For the casual listener, nothing will really change. We believe that our new approach will bring in more listeners and we look forward to growing our community in a deliberate way. We’re excited to engage with listeners and excited to direct our free form exploration of ideas toward more specific ends.
From a project perspective, two directions emerge from this repositioning. First, there is the project of the humanities as an institutional formation. Our stories are very much bound up with a postwar institutionalization of humanities departments. Today, that institution is in peril, but although many have observed how universities are shuttering their formal engagement with the humanities, the discourse of the humanities has never been more broadly received in culture, business, and politics than it is today. Accounting for these diametrically opposed tendencies is critical to understanding the role and future of the humanities as a discursive formation.

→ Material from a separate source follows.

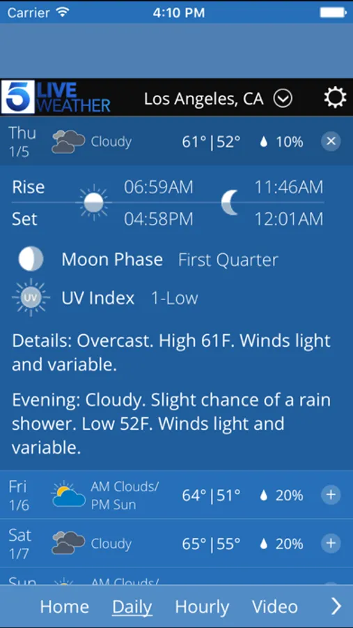 The KTLA Mobile Weather App includes:

In parallel to this project is what we might call the “applied humanities,” a term that describes our desire to demonstrate the “real world” value of a humanities education. In German these studies are literally called “spirit-sciences” (Geistwissenschaft); in business they are sometimes referred to as “soft skills.” Both terms reveal and obfuscate the truth of these analytical powers. Both terms encompass the idea that the humanities train you to communicate the uncommunicable. Another way to think of this is as a “metadiscourse”—a language that reveals the ways that language and communication work.
The most succinct way to frame our renewed vision for the podcast came in the episode itself: We seek to offer a rich alternative to the algorithmic wasteland.
In a practical sense, what we’re driving at is the ability to make distinctions. For us, the practical foundation of all knowledge is found in the distinction. In a moment of history where quantitative, statistical, and program-based knowledge is prized above all others, we offer an alternative system of knowledge—modes of distinction—that unlock areas of discourse that these other modes can’t access. These are new tools for the analytical toolkit and what we offer is not only a new set of tools to use, it’s also a better and more informed way to know what each tool actually does.
This is all to say that we’ve got big plans for the podcast. Our community today is small, but we believe that over the next 12 months we will add many new fellow travelers to our ranks. We welcome everyone and we’re honored that you want to join us on this journey.